- Download and install Anaconda3 4.2 from https://repo.continuum.io/archive/Anaconda3-4.2.0-Linux-x86_64.sh
- After installation, include path of "bin" folder of the above Anaconda to PATH variable
- Install Tensorflow 0.12 for the installed Anaconda version using the command:
conda install -c jjhelmus tensorflow=0.12.0
(Note 3 July 2020: the above command doesn't work anymore. But running pip install tensorflow==0.12.1
does.)
- Install graphviz for Python:
python -m install graphviz
- Test installation:
cd data/StringTokenizer bash execute.sh
Use the docker image python:3.5:
docker run -v /home/<path>/<to>/DSM/:/workspace/DSM -v /home/<path>/<to>/deep_spec_learning_ws/:/workspace/deep_spec_learning_ws -v /home/<path>/<to>/dsm_eval_ground_truth/:/workspace/dsm_eval_ground_truth --name DSM -it python:3.5 /bin/bash
pip install tensorflow==0.12.1 numpy==1.11.0 scipy==0.18.1 graphviz sklearn
apt-get update && apt-get install graphviz
Example of running evaluation script for StringTokenizer:
python3 /workspace/deep_spec_learning_ws/deep_spec_learning/model_learning/evaluation/evaluate_clustered_automata.py --cluster_folder work_dir/clustering_space/cls_kmeans/S_4/ --ground_truth_folder /workspace/dsm_eval_ground_truth/stringtokenizer/ --result_folder /DSM_eval_results/StringTokenizer --ignore_method_suffix 1 --overall_min_label_coverage 20 --max_label_repeated_per_trace 3 --max_trace_length 50 --max_num_trace 10000
- When there are new traces that become available after the FSM model has already been constructed, it is possible to update the model without retraining on the entire dataset.
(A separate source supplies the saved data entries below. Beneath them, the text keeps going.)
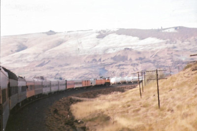 Meeting a BNSF freight outside Pasco.
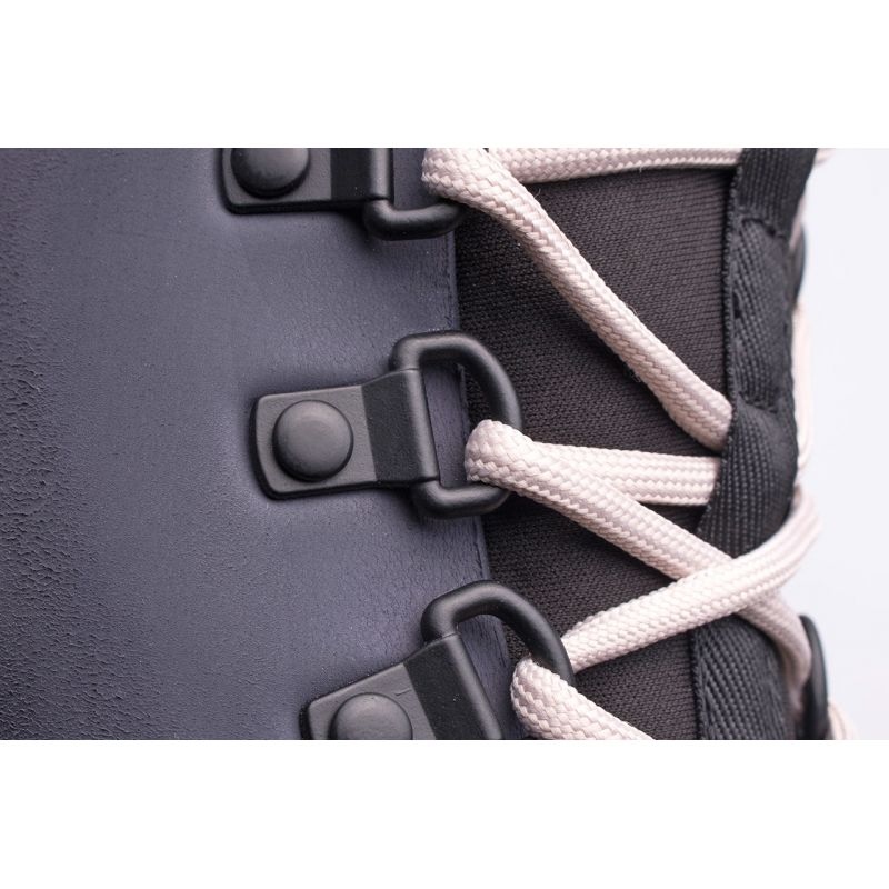 Les propriétés des chaussures incluent une semelle antidérapante épaisse et dentelée, une tige haute et une bonne isolation. L'intérieur des bottes est doublé de micropolaire pour plus de chaleur et de confort. Les chaussures sont imperméables, ce qui les rend idéales pour les conditions météorologiques changeantes. Le laçage permet un ajustement individuel au pied et la construction stable maintient bien le pied.
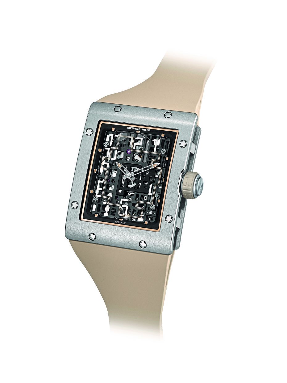 Richard Mille's movement engineers designed this tangle of titanium to maximise the entrance of light thanks to the cutaways of its openworked elements.
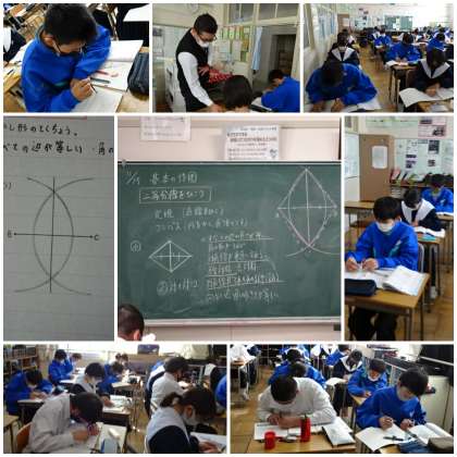 「基本の作図」の学習です。線分の垂直二等分線や角の二等分線の作図の仕方について学び、実際にコンパスと定規を使って作図しました。
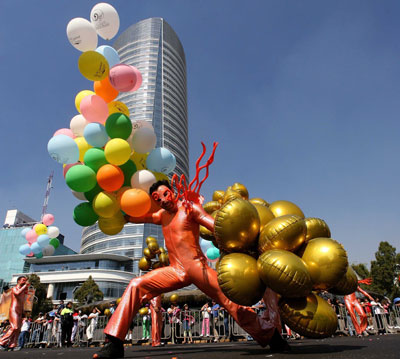 An actor performs on the streets during the "Three Kings Day" festival in Mexico City January 6, 2008. "Three Kings Day" is a Christian holiday in Mexico which celebrates the Three Wise Men who brought gifts to Christ as a child. (Agencies)
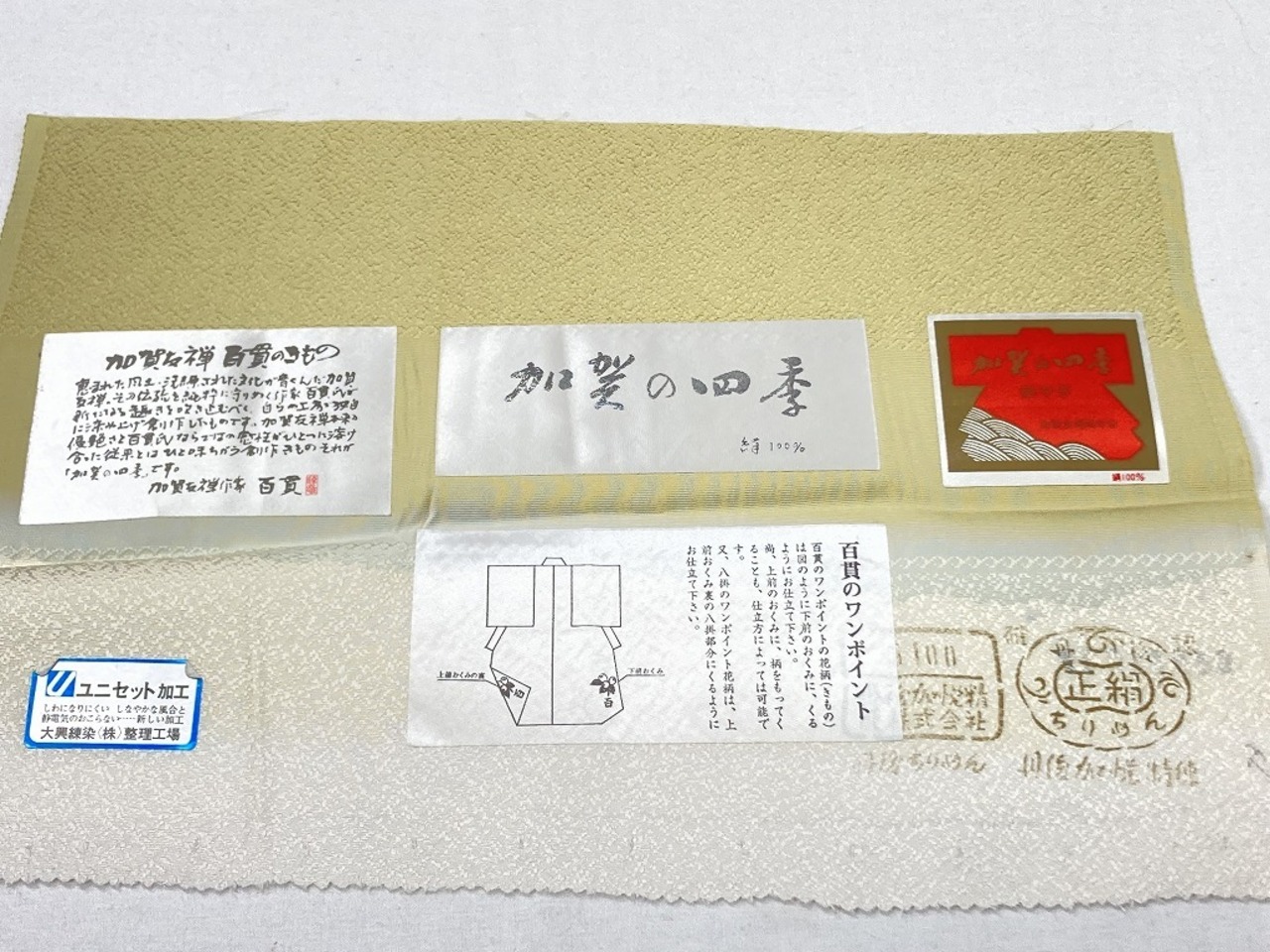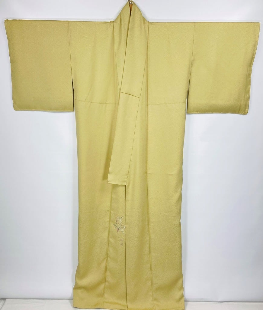 加賀友禅 百貫達雄 紋意匠 色無地 正絹 一つ紋 女郎花 黄色 838
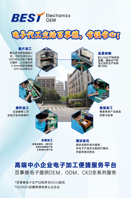 盛夏5月,热辣滚烫!武汉中国光谷电子展会拉开帷幕,百事德电子作为珠三角最具影响力的中小企业电子产品加工、代工平台之一,也参加了这一盛事!百事德电子在珠三角地区深耕中小企业电子产品加工、代工近十多年,已在珠三角地区取得良好的质量口碑,为百事德电子加工、代工业务幅射到中部、西南部地区打好了基础。借着武汉电子展会这个契机,先让中部地区企业认识、了解百事德电子加工、代工,也让百事德电子有机会服务好更多的客户。帮助各新老客户做好加工、代工服务,解决客户质量、交期的后顾之忧,让客户更专注于产品研发与开拓市场,业务更上一个台阶!
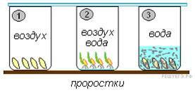 В изображенном на рисунке опыте экспериментатор взял три стакана и положили на дно каждого по нескольку зёрен пшеницы. В первый стакан воду не наливали. Во второй налили воды столько, чтобы она только смачивала семена, но не покрывала их полностью. Третий стакан наполнили до половины водой. Все три стакана накрыли стеклом и оставили в теплом помещении.
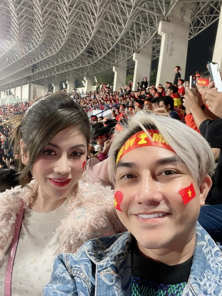 Ca sĩ Hoàng Bách, hoa hậu Tiểu Vy vui mừng khi tuyển Việt Nam thắng Thái Lan 2-1 ở lượt đi chung kết ASEAN Cup 2024, tối 2/1.

- Much faster than retraining with all available data
- Run
python DSM_updater.py
. From one of the data directories (e.g. data/ZipOutputStream), runpython3 ../../DSM_updater.py new_traces/traces.txt
wheredata/ZipOutputStream/new_traces/traces.txt
contains new traces in the same format as the original traces. - When using DSM as a library, the update_model API can be used for this.
- To use DSM as a library, run
python setup.py install
to install the DSM package on your machine. Executingimport dsm
will work if the installation is successful. - The following 3 APIs are provided:
learn_model(input_path: str, rnn_model_dir: str, output_dir: str, args)
Constructs a new FSA and writes it into output_dir/serialized_fsa.json.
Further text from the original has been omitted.